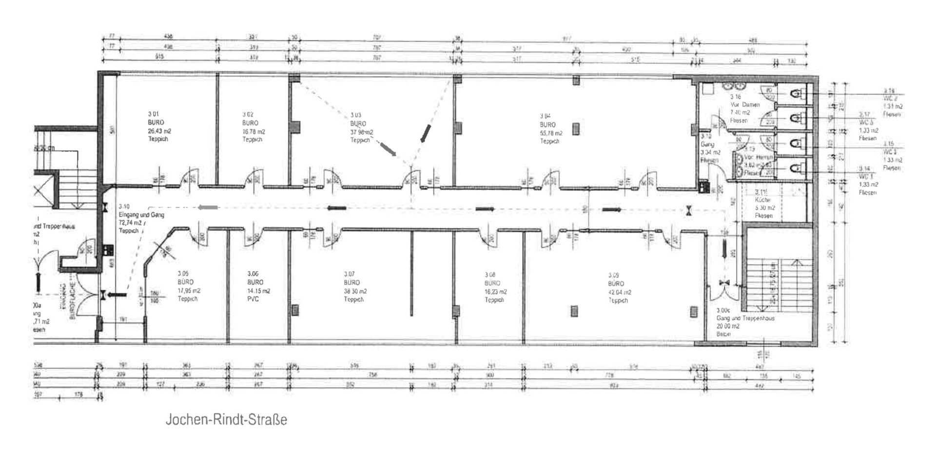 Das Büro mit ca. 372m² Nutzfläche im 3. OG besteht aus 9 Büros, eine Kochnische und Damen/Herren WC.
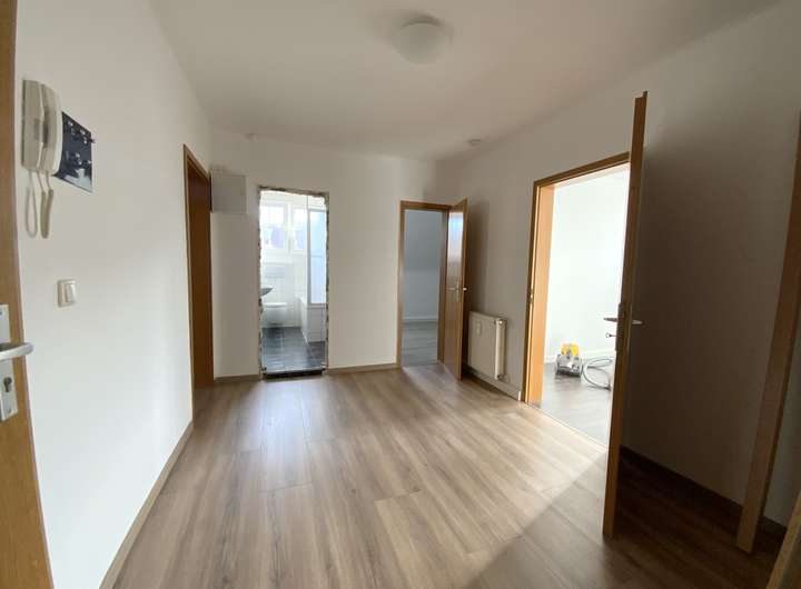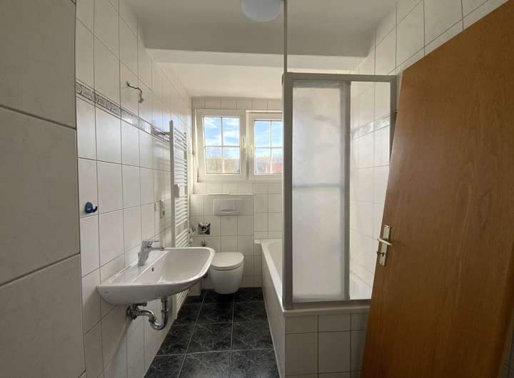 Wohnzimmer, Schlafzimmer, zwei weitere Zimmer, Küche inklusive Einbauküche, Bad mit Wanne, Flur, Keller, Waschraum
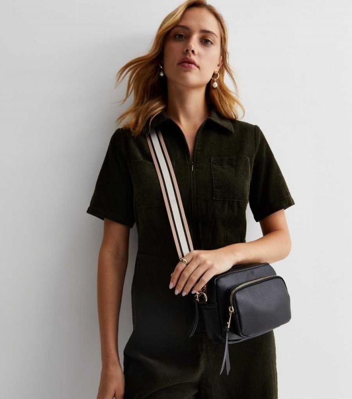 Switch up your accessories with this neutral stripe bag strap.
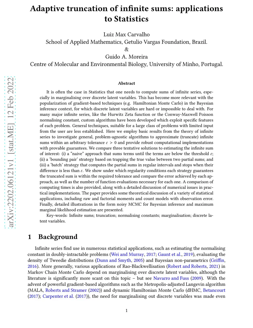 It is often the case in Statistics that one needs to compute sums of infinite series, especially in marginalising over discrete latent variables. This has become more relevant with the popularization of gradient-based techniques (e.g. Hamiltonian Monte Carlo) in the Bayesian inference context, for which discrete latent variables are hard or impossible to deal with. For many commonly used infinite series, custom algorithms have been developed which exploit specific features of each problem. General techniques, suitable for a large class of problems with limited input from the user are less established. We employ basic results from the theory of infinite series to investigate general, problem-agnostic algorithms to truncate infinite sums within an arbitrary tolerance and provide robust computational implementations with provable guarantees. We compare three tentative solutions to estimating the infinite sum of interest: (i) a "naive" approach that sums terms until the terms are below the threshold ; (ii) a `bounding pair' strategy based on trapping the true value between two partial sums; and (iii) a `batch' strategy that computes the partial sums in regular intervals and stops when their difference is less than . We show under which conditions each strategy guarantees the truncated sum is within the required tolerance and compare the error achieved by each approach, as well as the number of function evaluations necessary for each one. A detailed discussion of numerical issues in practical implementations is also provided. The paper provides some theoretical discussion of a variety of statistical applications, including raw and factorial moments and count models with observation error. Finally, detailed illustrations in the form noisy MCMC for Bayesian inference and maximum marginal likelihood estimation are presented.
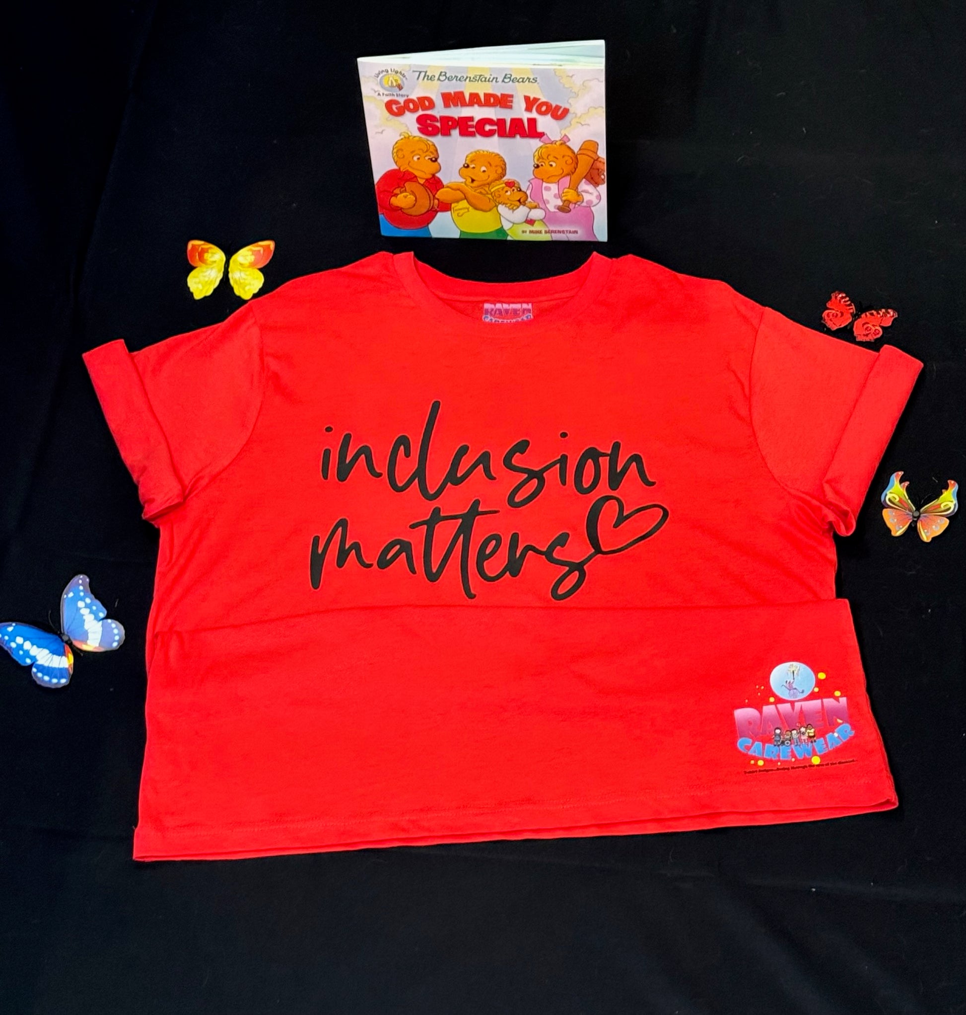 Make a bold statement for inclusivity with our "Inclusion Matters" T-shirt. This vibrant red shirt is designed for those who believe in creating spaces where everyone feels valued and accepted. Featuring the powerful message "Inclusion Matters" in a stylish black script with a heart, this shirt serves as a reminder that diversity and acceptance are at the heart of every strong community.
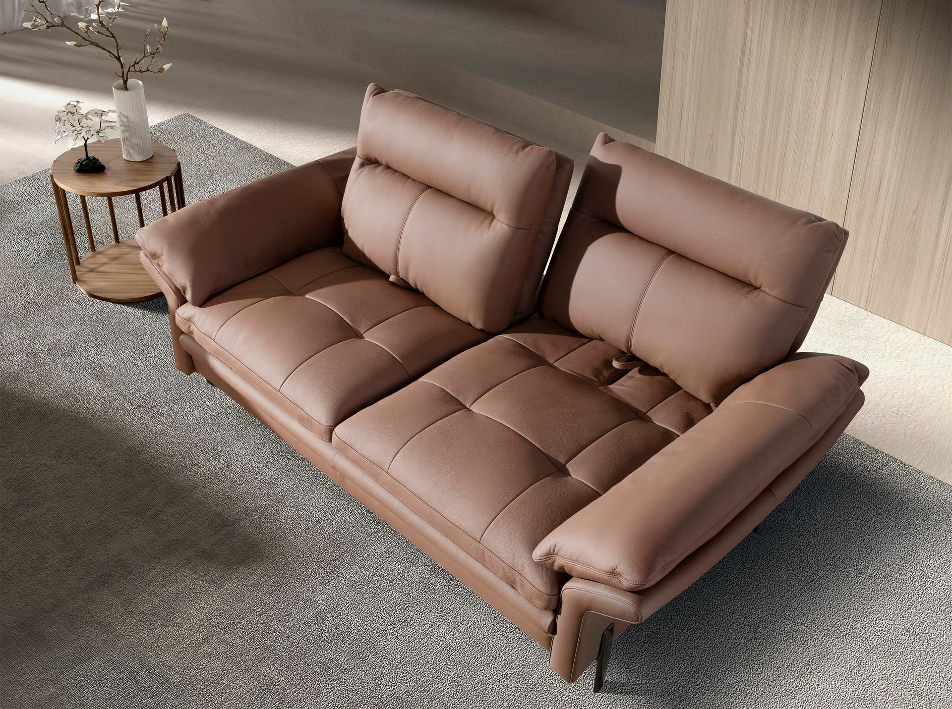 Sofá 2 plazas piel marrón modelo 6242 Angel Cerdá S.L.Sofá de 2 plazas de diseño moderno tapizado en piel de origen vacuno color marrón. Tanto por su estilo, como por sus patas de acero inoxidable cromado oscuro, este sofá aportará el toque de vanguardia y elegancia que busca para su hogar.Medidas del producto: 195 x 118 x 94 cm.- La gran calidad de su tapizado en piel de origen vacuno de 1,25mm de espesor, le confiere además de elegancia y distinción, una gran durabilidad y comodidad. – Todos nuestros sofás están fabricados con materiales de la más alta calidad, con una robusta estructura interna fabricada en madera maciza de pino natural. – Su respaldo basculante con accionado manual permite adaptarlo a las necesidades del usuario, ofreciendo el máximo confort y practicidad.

-.-.-

Problem to work on >>
Starting at the line above that holds "Wohnzimmer, Schlafzimmer, zwei", return each line up to and including the one that holds "Switch up your", exactly as written, minus any pictures.

Your solution >>
 Wohnzimmer, Schlafzimmer, zwei weitere Zimmer, Küche inklusive Einbauküche, Bad mit Wanne, Flur, Keller, Waschraum
 Switch up your accessories with this neutral stripe bag strap.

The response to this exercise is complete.